A lesão aguda de um nervo periférico raramente produz dor imediatamente; assim, cortar ou comprimir um tronco nervoso produz uma descarga intensa dos axônios afetados, sentida eventualmente como um forte choque. Alguns dias depois, dor em queimação e sensibilização a estímulos mecânicos não-nociceptivos podem aparecer no local da lesão, com irradiação para a área correspondente do nervo afetado (figura 12).

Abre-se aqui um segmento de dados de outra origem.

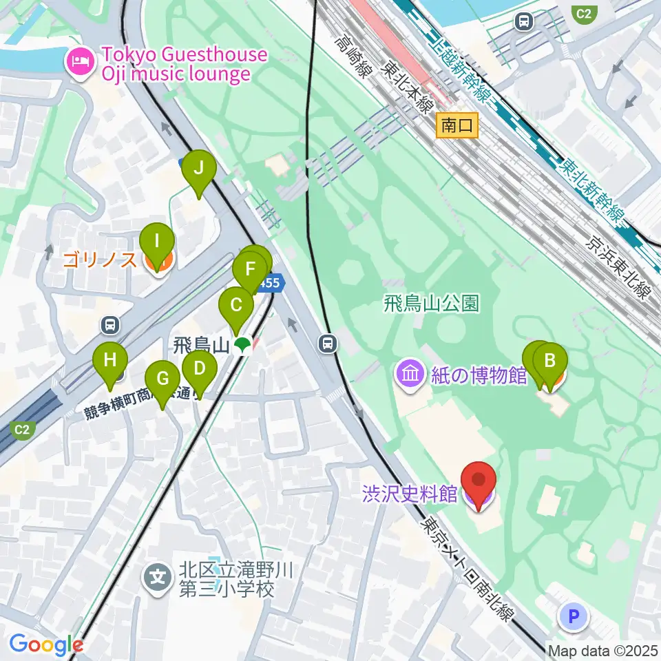 渋沢史料館周辺のファミレス・ファーストフード一覧地図

Lesão periférica Estudos experimentais demonstraram que a ponta de um neurônio em regeneração, num nervo periférico, contém numerosos brotos de pequeno diâmetro, que se originam de todas as classes de neurônios. Estes axônios em regeneração apresentam descargas espontâneas, possivelmente causadas pela permeabilidade iônica aumentada nos brotos. Se esse padrão de regeneração é interrompido por qualquer motivo, forma-se um neuroma. Os brotamentos dentro de um neuroma são sensíveis a estímulos mecânicos e a excitação pode ocorrer e ser mantida por estimulação cruzada entre axônios próximos. As células do gânglio da raiz dorsal podem também tornar-se espontaneamente ativas, representando outra fonte potencial de descarga anormal proximal à lesão tecidual. Embora os neurônios normais exibam pouca sensibilidade a estímulos químicos, após lesão nervosa experimental em ratos observou-se que o axônio em regeneração na área de seus brotos tornava-se sensível às catecolaminas exógenas ou endógenas. Este efeito parece ser mediado por receptores alfa-adrenérgicos existentes na fibra em regeneração. Dois tipos diferentes de canais de sódio foram encontrados em neurônios sensoriais. O primeiro tipo é sensível à tetrodotoxina (toxina extraída de um peixe), e o segundo tipo é insensível a ela. Os canais de sódio sensíveis à tetrodotoxina são responsáveis pelo início do potencial de ação e existem em todos os neurônios sensoriais. Em contraste, os canais de sódio insensíveis à tetrodotoxina são encontrados somente nos neurônios sensoriais nociceptivos. Eles têm uma cinética de ativação e desativação mais lenta do que os sensíveis e estão envolvidos em estados patológicos. Após lesão de um nervo, ambos os tipos de canal de sódio começam a se acumular no neuroma e ao longo do axônio, resultando em focos de hiperexcitabilidade e potenciais de ação ectópicos. Este mecanismo fisiopatológico explica o quadro clínico de dor espontânea, independente de estímulo e é o racional do tratamento com bloqueadores de canal de sódio (por exemplo, anticonvulsivantes e anestésicos locais).